Cold sores often appear more frequently in winter

According to a new online survey among U.S. adults (ages 18 and over) who self-identify as gay, fewer than half of those who suffer from cold sores were aware that extremely cold weather could be a trigger for their cold sore outbreaks.

The survey was commissioned by Abreva, the only over-the-counter cold sore treatment approved by the Food and Drug Administration (FDA) to shorten healing time, and conducted by Harris Interactive®.
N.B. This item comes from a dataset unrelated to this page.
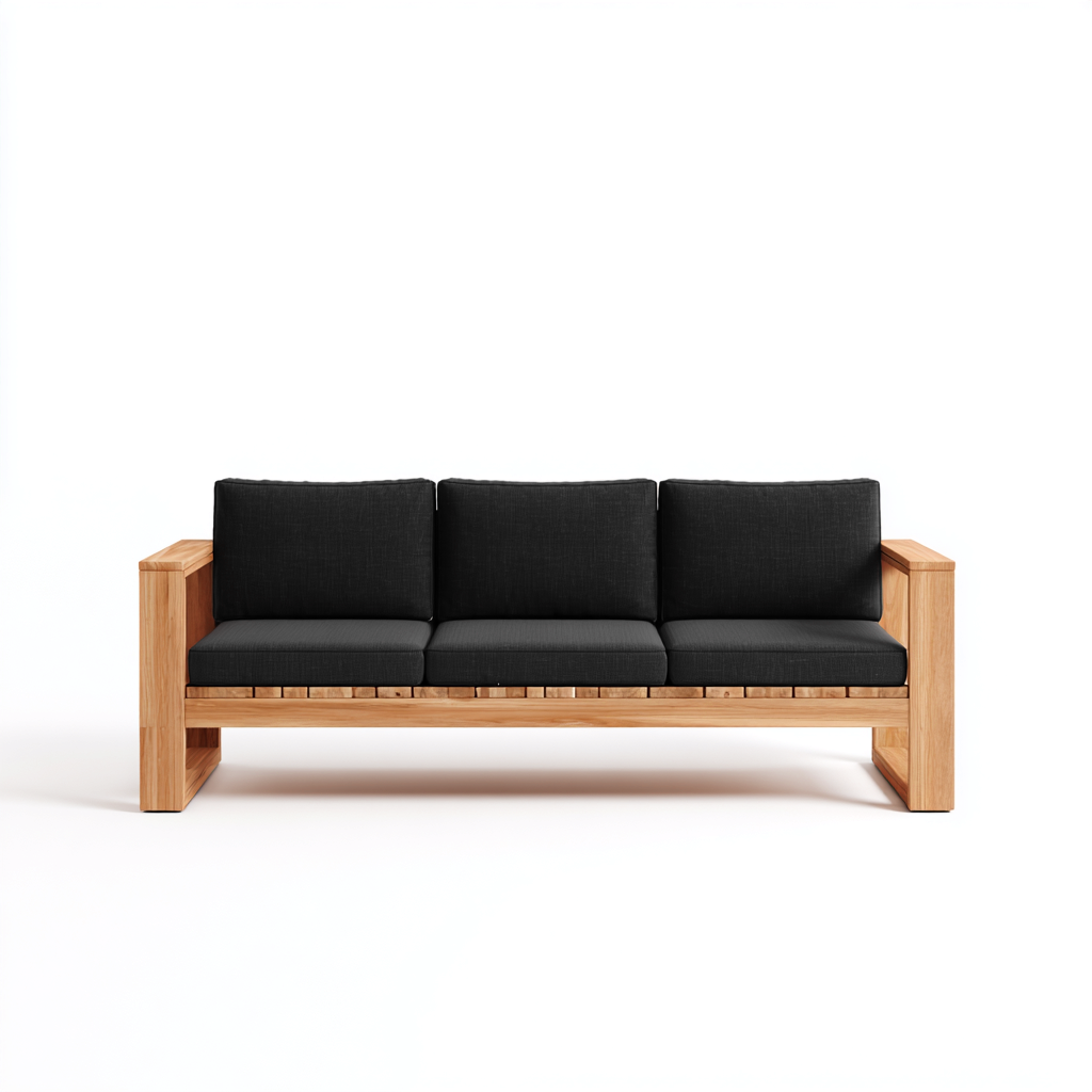 Questo divano da esterno a tre posti offre un design solido e moderno, ideale per terrazze, giardini e spazi outdoor. La struttura robusta e i cuscini confortevoli garantiscono un'esperienza di seduta piacevole.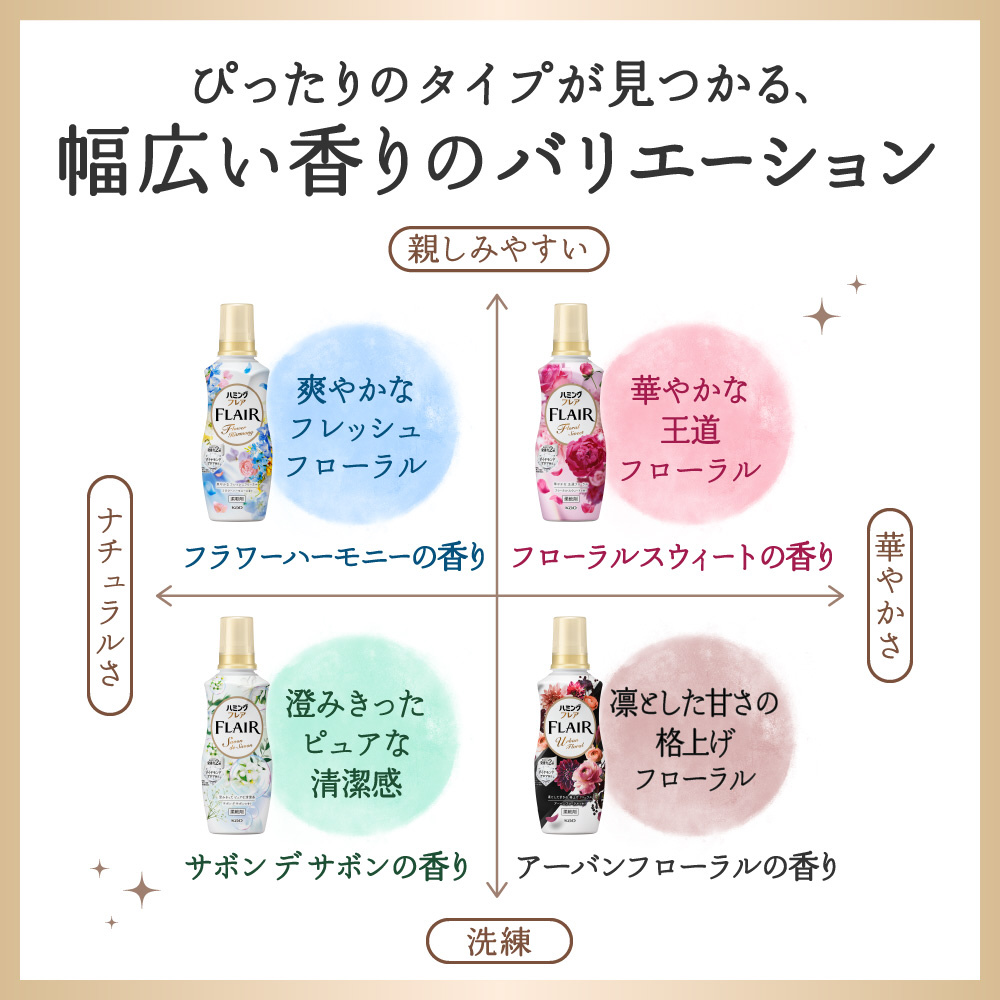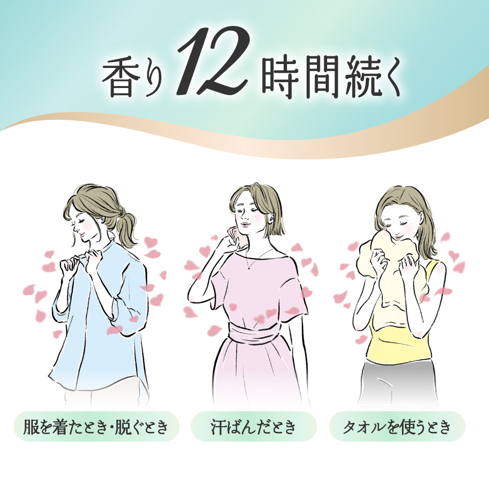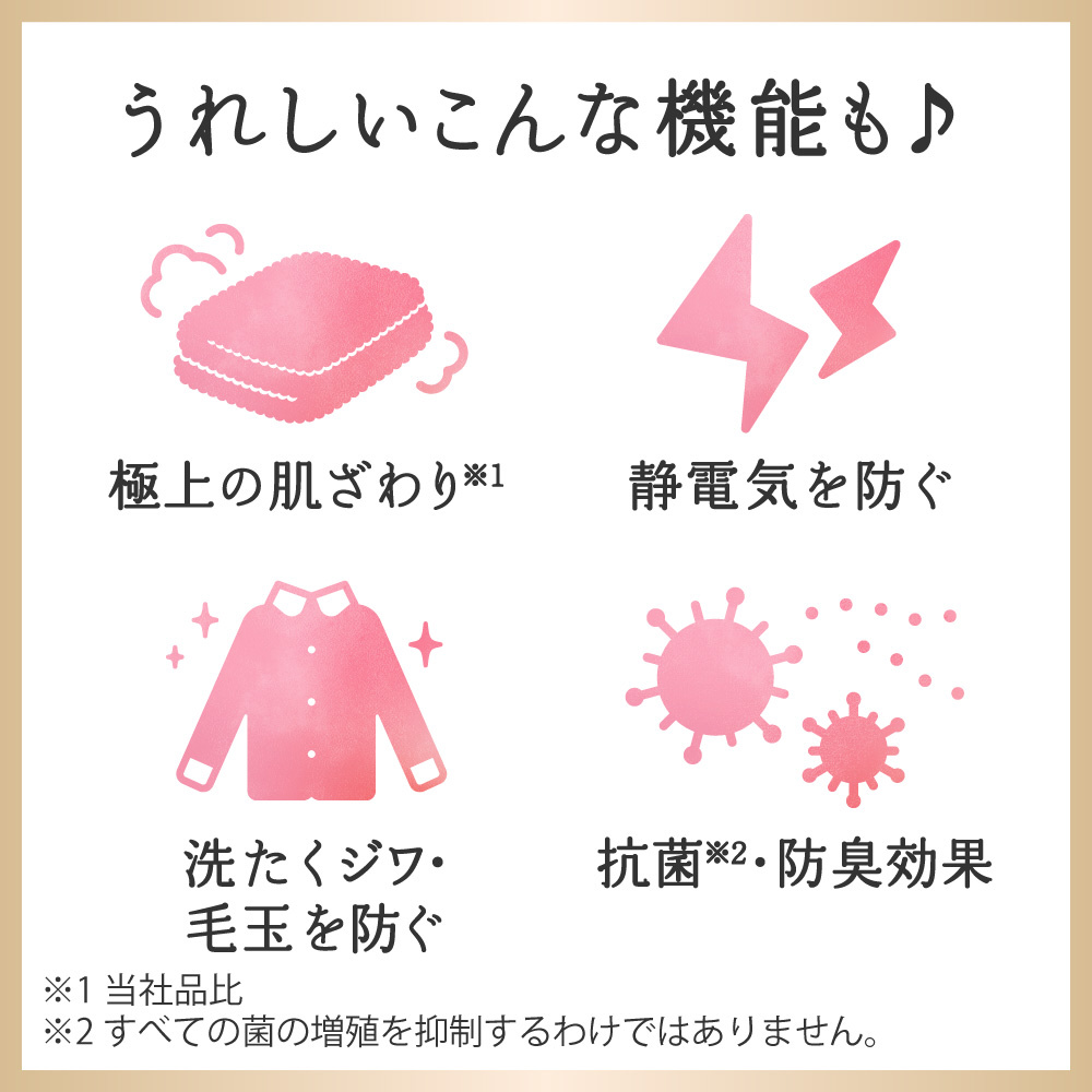 着用中発香力2倍*1。最高級*2アロマバランスで美しい香り続くダイヤモンドアロマ製法。サボン デ サボンの香り。香り12時間続く。極上の肌ざわり*3。シワ、毛玉、静電気を防ぐ。抗菌*4防臭効果。*1従来品比 素材によって効果が異なる場合があります。*2当社柔軟剤内。*3当社品比。*4すべての菌をの殖を抑制するわけではありません。

“Often in the winter months, we see an uptick in cold sores since cold and flu season can trigger a cold sore, but many people do not realize exposure to cold temperatures can re-activate the HSV-1 virus,” said David VanBrunt, director of Abreva marketing. “Exposure to harsh weather or going from extreme temperatures, such as from a warm house to the cold outdoors, are considered traumatic events and may trigger a cold sore outbreak. “

Results from the survey of gay men revealed that only 40 percent of the men who suffer from cold sores (Herpes Simplex Virus Type 1 or HSV 1) were aware that exposure to extremely cold weather could trigger cold sores.

Also according to the survey data, 30 percent of gay men who experience cold sore outbreaks (outside the mouth) got them once in the past 12 months while the remaining 70 percent experienced them at least two times per year.

A variety of stimuli are identified as cold sore triggers including fatigue, stress, hormones, illnesses such as colds or flu and physical trauma. In addition to cold weather, prolonged or excessive exposure to UV rays, whether natural or artificial, can irritate the area around the mouth and lead to a cold sore outbreak. Treatment should be started at the first symptom of a cold sore for best results.

When asked what triggers their cold sores, 68 percent said stress was a cold sore trigger. Gay cold sore sufferers also reported that colds/flu (42%) and fatigue (25%) were associated with their cold sore outbreaks.

“Over the coming year we will be working to address the issues surrounding the HSV virus and create greater awareness among gay cold sore sufferers about the HSV-1 virus and its health implications,” said Van Brunt.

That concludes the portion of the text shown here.